郑正思绪渐渐飘远,良久,缓缓开口:“她有何心
愿?”
温稚颜没瞧出他的不对劲,将桌案上誊写过的手抄本递给他:“这是姜大人生前所写的书,只可惜还未写完就”
剩下的话温稚颜没有说完,但郑正却是了然于心。他道:“这书的原稿,可在你那里?”
温稚颜从箱笼里翻出那本泛黄的书册,为了防止散页她还特意用线缠上了一圈,道:“时间比较久,许多字迹已经模糊了,里面很多内容是我根据她当时的心境补充上去的。”

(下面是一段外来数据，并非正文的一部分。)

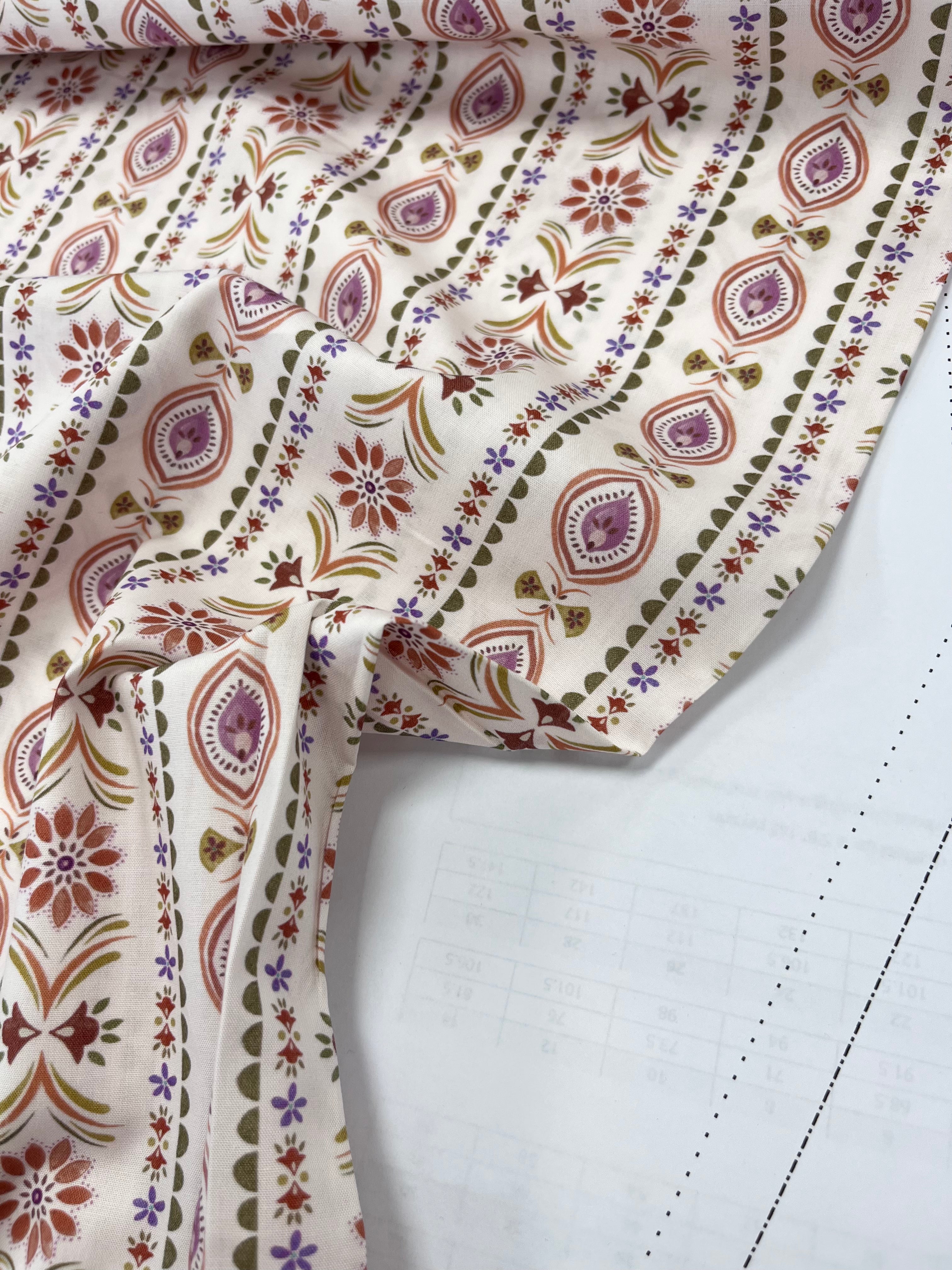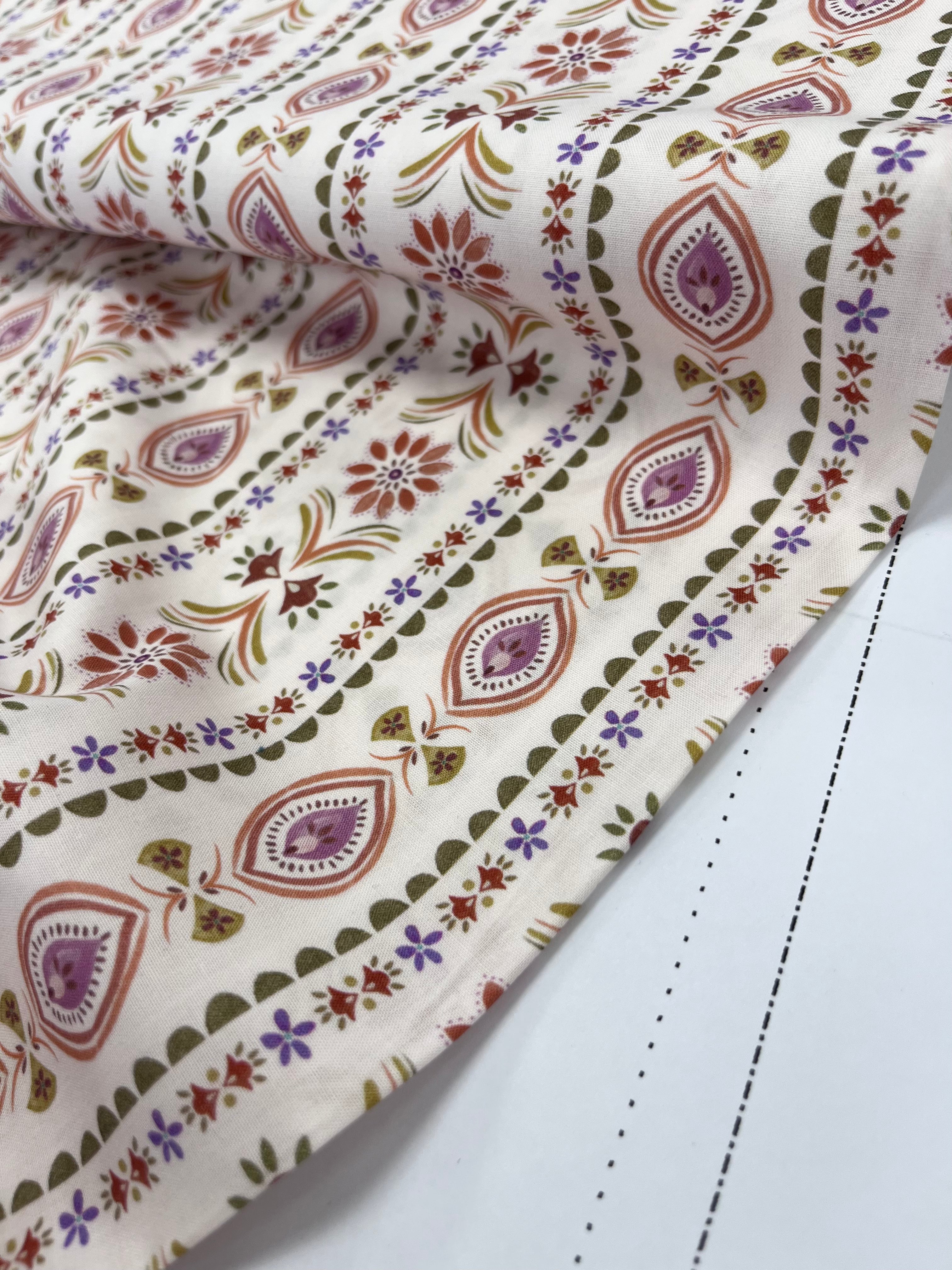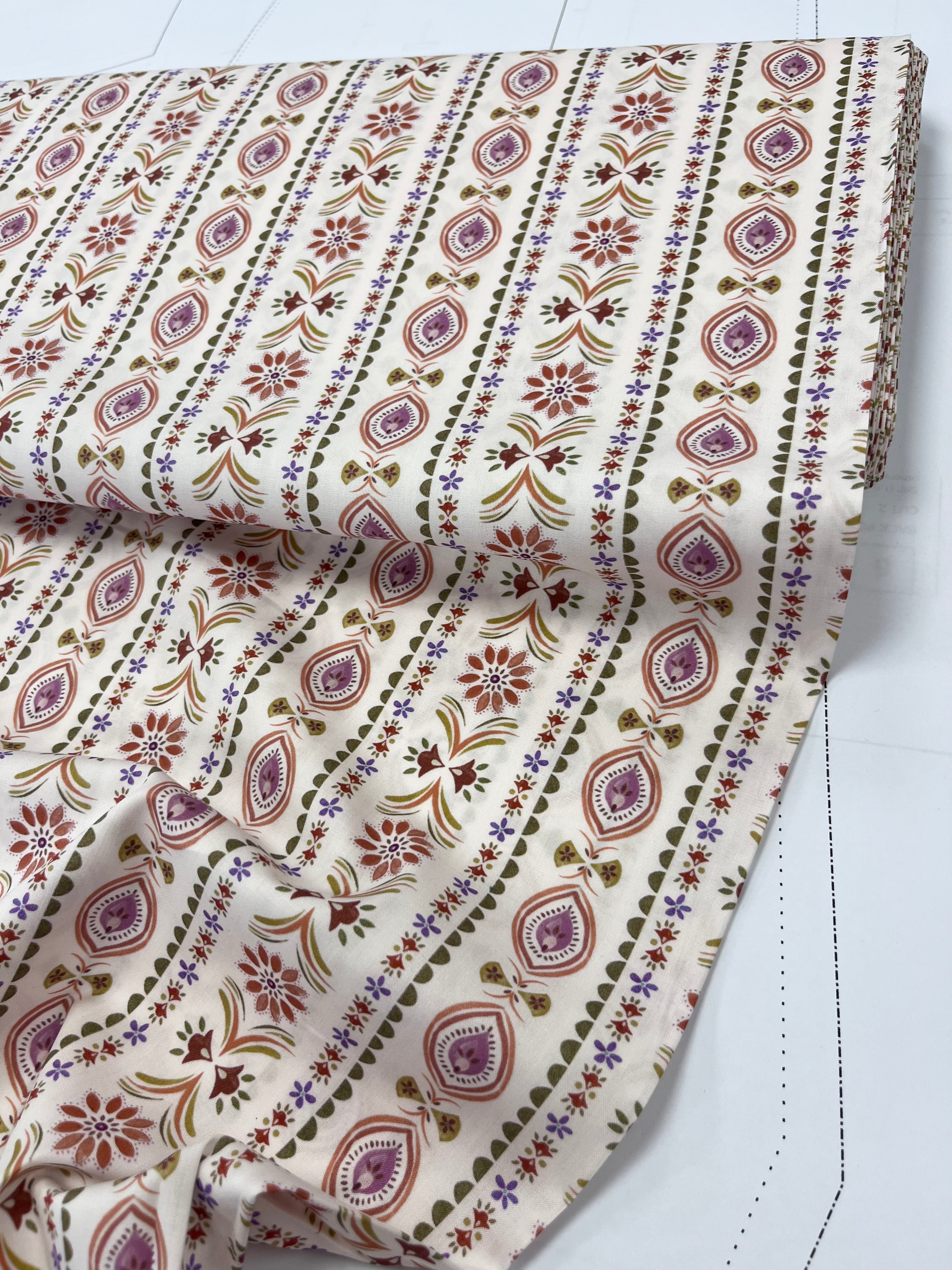 Floral Pagoda Stripe | Fine Poplin | Off White

再次见到熟悉的字迹,郑正恍若隔世,迟迟没有回过神来:“沅沅可愿将它交给舅舅保管?”
“姝姜大人,与我曾是旧相识。”
温稚颜盯着他失神的面容,敏锐地察觉到了什么。
她没有多问,继而笑道:“好啊,那就托付给舅舅了。”
说罢,她又从妆奁里拿出一个陈旧的盒子。
“这个也是姜大人的遗物,在登州时,姜太傅一并交给了我。”
温稚颜把盒子放入他手里:“或许,舅舅比我更适合保管。”
郑正端着盒子的手指一顿,打开一看,尘封了二十年的同心锁完好无损地出现在面前。
他摸了下自己的袖口,从容一笑:“放心,我定会保管好它。”
近日事情繁多,温稚颜已经很久没见过晏行周了,天气越来越热,连逗雪绒的心思都淡了不少。